Updated on 2022-09-14 GMT+08:00

Scenario Description

Scenario Description

Assume that person table of Hive stores a user's consumption amount on the current day and HBase table2 stores the user's history consumption amount data.

In the person table, the name=1,account=100 record indicates that user1's consumption amount on the current day is 100 CNY.

In table2, the key=1,cf:cid=1000 record indicates that user1's history consumption amount is 1000 CNY.

Based on some service requirements, a Spark application must be developed to implement the following functions:

Calculate a user's history consumption amount based on the user name, that is, the user's total consumption amount =100 (consumption amount of the current day) + 1000 (history consumption amount).

In the preceding example, the application run result is that in table2, the total consumption amount of user1 (key=1) is cf:cid=1100 CNY.

Data Planning

Before developing the application, create a Hive table named person and insert data to the table.

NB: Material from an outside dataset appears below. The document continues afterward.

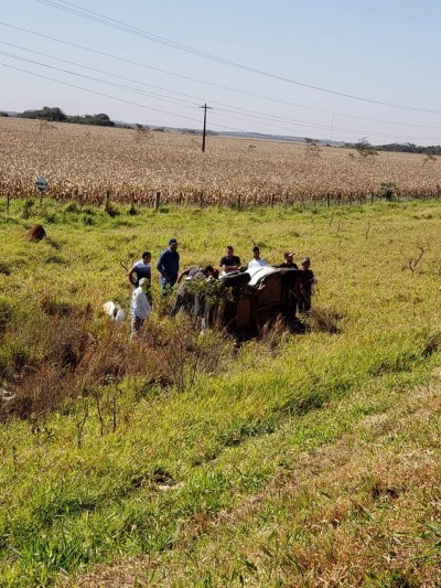 Com impacto da colisão, houve uma saída de pista da picape, seguido de capotamento.

At the same time, create HBase table2 so that you can write the data analysis result to it.

  1. Save original log files to HDFS.

    1. Create a blank log1.txt file on the local PC and write the following content to the file.
      1,100
    2. Create the /tmp/input directory in HDFS and upload the log1.txt file to the directory.
      1. On the HDFS client, run the following commands for authentication:

        cd /opt/client

        kinit -kt '/opt/client/Spark/spark/conf/user.keytab' <Service user for authentication>

        Specify the path of the user.keytab file based on the site requirements.

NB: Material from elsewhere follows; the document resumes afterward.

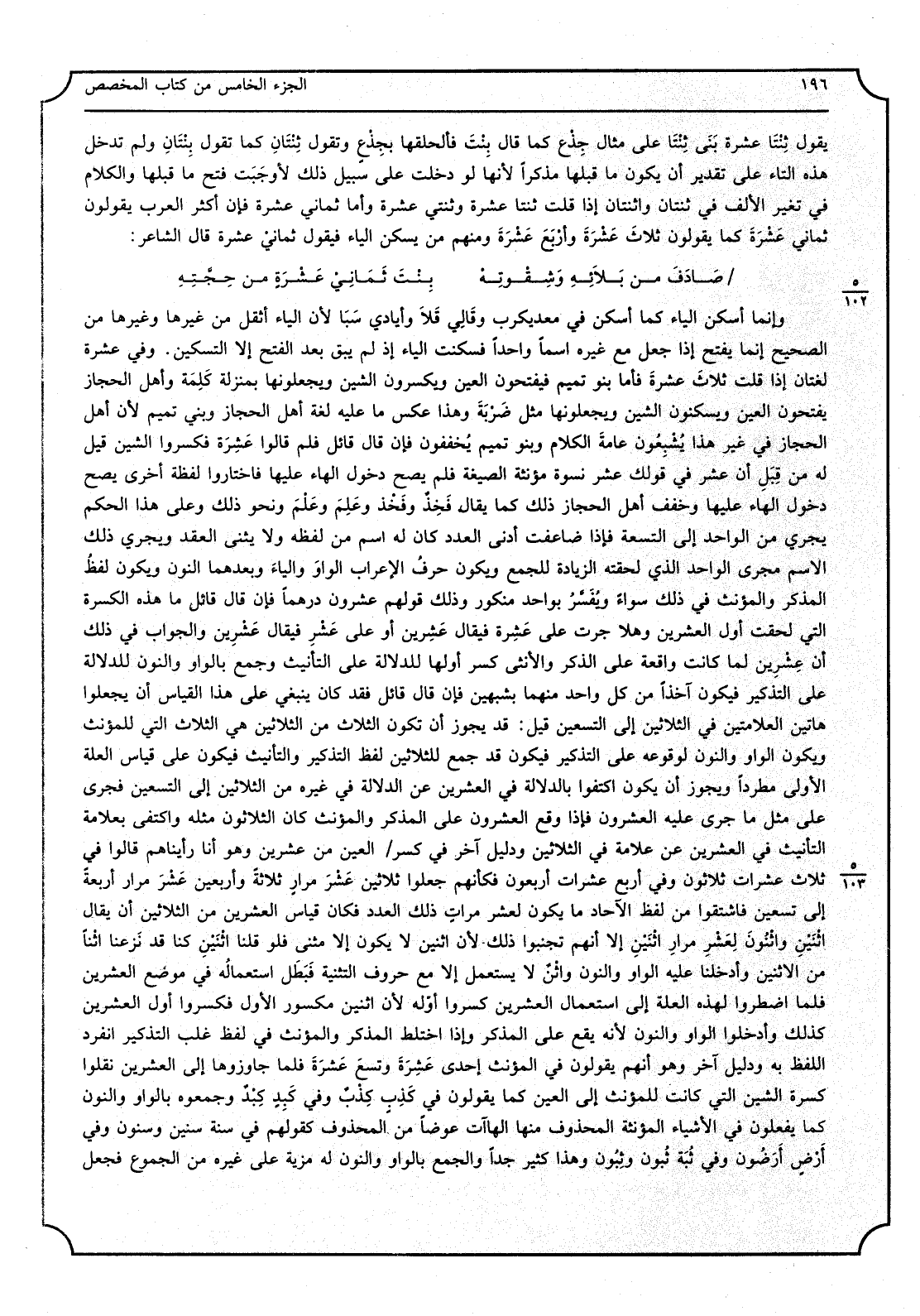 وَإِنَّمَا أسكن الْيَاء كَمَا أسكن فِي معديكرب وقَالِي وأيادي سَبَا لِأَن الْيَاء أثقل من غَيرهَا وَغَيرهَا من الصَّحِيح إِنَّمَا يفتح إِذا جعل مَعَ غَيره اسْما وَاحِدًا فسكنت الْيَاء إِذْ لم يبْق بعد الْفَتْح إِلَّا التسكين وَفِي عشرَة لُغَتَانِ إِذا قلت ثلاثَ عشرةَ فَأَما بَنو تَمِيم فيفتحون الْعين ويكسرون الشين ويجعلونها بِمَنْزِلَة كَلِمَة وَأهل الْحجاز يفتحون الْعين ويسكنون الشين ويجعلونها مثل ضَرْبَةَ وَهَذَا عكس مَا عَلَيْهِ لُغَة أهل الْحجاز وَبني تَمِيم لِأَن أهل الْحجاز فِي غير هَذَا يُشْبِعُون عامةَ الْكَلَام وَبَنُو تَمِيم يُخففون فَإِن قَالَ قَائِل فَلم قَالُوا عَشِرَة فكسروا الشين قيل لَهُ من قَبَلِ أَن عشر فِي قَوْلك عشر نسْوَة مُؤَنّثَة الصِّيغَة فَلم يَصح دُخُول الْهَاء عَلَيْهَا فَاخْتَارُوا لَفْظَة أُخْرَى يَصح دُخُول الْهَاء عَلَيْهَا وخفف أهل الْحجاز ذَلِك كَمَا قَالَ فَخِذٌ وفَخْذ وعَلِمَ وعَلْمَ وَنَحْو ذَلِك وعَلى هَذَا الحكم يجْرِي من الْوَاحِد إِلَى التِّسْعَة فَإِذا ضاعفت أدنى الْعدَد كَانَ لَهُ اسْم من لَفظه وَلَا يثنى العقد وَيجْرِي ذَلِك الِاسْم مجْرى الْوَاحِد الَّذِي لحقته الزِّيَادَة للْجمع وَيكون حرفُ الْإِعْرَاب الواوَ والياءَ وبعدهما النُّون وَيكون لفظُ الْمُذكر والمؤنث فِي ذَلِك سَوَاء ويُفَسَّرُ بِوَاحِد منكور وَذَلِكَ قَوْلهم عشرُون درهما فَإِن قَالَ قَائِل مَا هَذِه الكسرة الَّتِي لحقت أول الْعشْرين وهلا جرت على عَشِرة فَقَالَ عَشِرين أَو على عَشْرِ فَيُقَال عَشْرِين وَالْجَوَاب فِي ذَلِك أَن عِشْرِين لما كَانَت وَاقعَة على الذّكر وَالْأُنْثَى كسر أَولهَا للدلالة على التَّأْنِيث وَجمع بِالْوَاو وَالنُّون للدلالة على التَّذْكِير فَيكون آخِذا من كل وَاحِد مِنْهُمَا بشبهين فَإِن قَالَ قَائِل فقد كَانَ يَنْبَغِي على هَذَا الْقيَاس أَن يجْعَلُوا هَاتين العلامتين فِي الثَّلَاثِينَ إِلَى التسعين قيل: قد يجوز أَن تكون الثَّلَاث من الثَّلَاثِينَ هِيَ الثَّلَاث الَّتِي للمؤنث وَيكون الْوَاو وَالنُّون لوُقُوعه على التَّذْكِير فَيكون قد جمع للثلاثين لفظ التَّذْكِير والتأنيث فَيكون على قِيَاس الْعلَّة الأولى مطرداً وَيجوز أَن يكون اكتفوا بِالدّلَالَةِ فِي الْعشْرين عَن الدّلَالَة فِي غَيره من الثَّلَاثِينَ إِلَى التسعين فَجرى على مثل مَا جرى عَلَيْهِ الْعشْرُونَ فَإِذا وَقع الْعشْرُونَ على الْمُذكر والمؤنث كَانَ الثَّلَاثُونَ مثله وَاكْتفى بعلامة التَّأْنِيث فِي الْعشْرين عَن عَلامَة فِي الثَّلَاثِينَ وَدَلِيل آخر فِي كسر الْعين من عشْرين وَهُوَ أَنا رأيناهم قَالُوا فِي ثَلَاث عشرات ثَلَاثُونَ وَفِي أَربع عشرات أَرْبَعُونَ فكأنهم جعلُوا ثَلَاثِينَ عَشْرَ مرارٍ ثَلَاثَة وَأَرْبَعين عَشْرَ مرار أربعةٌ إِلَى تسعين فاشتقوا من لفظ الْآحَاد مَا يكون لعشر مراتٍ ذَلِك الْعدَد فَكَانَ قِيَاس الْعشْرين من الثَّلَاثِينَ أَن يُقَال اثْنَيْنِ واثْنُونَ لِعَشْر مرارِ اثنَيْنِ إِلَّا أَنهم تجنبوا ذَلِك لِأَن اثْنَيْنِ لَا يكون إِلَّا مثنى فَلَو قُلْنَا اثْنَيْنِ كُنَّا قد نَزعنا اثْناً من الِاثْنَيْنِ وأدخلنا عَلَيْهِ الْوَاو وَالنُّون واثْنٌ لَا يسْتَعْمل إِلَّا مَعَ حُرُوف التَّثْنِيَة فَبَطَل استعمالُه فِي مَوضِع الْعشْرين فَلَمَّا اضطروا لهَذِهِ الْعلَّة إِلَى اسْتِعْمَال الْعشْرين كسروا أوّله لِأَن اثْنَيْنِ مكسور الأول فكسروا أول الْعشْرين كَذَلِك وأدخلوا الْوَاو وَالنُّون لِأَنَّهُ يَقع على الْمُذكر وَإِذا اخْتَلَط الْمُذكر والمؤنث فِي لفظ غلب التَّذْكِير انْفَرد اللَّفْظ بِهِ وَدَلِيل آخر وَهُوَ أَنهم يَقُولُونَ فِي الْمُؤَنَّث إِحْدَى عَشِرَةَ وتسعَ عَشْرَةَ فَلَمَّا جاوزها إِلَى الْعشْرين نقلوا كسرة الشين الَّتِي كَانَت للمؤنث إِلَى الْعين كَمَا يَقُو

      2. On the HDFS client running the Linux OS, run the hadoop fs -mkdir /tmp/input command (or the hdfs dfs command) to create a directory.
      3. On the HDFS client running the Linux OS, run the hadoop fs -put log1.txt /tmp/input command to upload the data file.

  2. Store the imported data to the Hive table.

    Ensure that the ThriftServer is started. Use the Beeline tool to create a Hive table and insert data to the table.

    1. Run the following command to create a Hive table named person:

      create table person

      (

      name STRING,

      account INT

      )ROW FORMAT DELIMITED FIELDS TERMINATED BY ',' ESCAPED BY '\\' STORED AS TEXTFILE;

    2. Run the following command to insert data to the person table:

      load data inpath '/tmp/input/log1.txt' into table person;

  3. Create an HBase table.

    1. Run the following command to create a table named table2 through HBase:

      create 'table2', 'cf'

    2. Run the following command on HBase to insert data to HBase table2:

      put 'table2', '1', 'cf:cid', '1000'

    If Kerberos authentication is enabled, set spark.yarn.security.credentials.hbase.enabled in the client configuration file spark-default.conf and on the sparkJDBC server to true.

Development Guidelines

  1. Query data in the person Hive table.
  2. Query data in table2 based on the key value in the person table.
  3. Sum the data records obtained in the previous two steps.
  4. Write the result of the previous step to table2.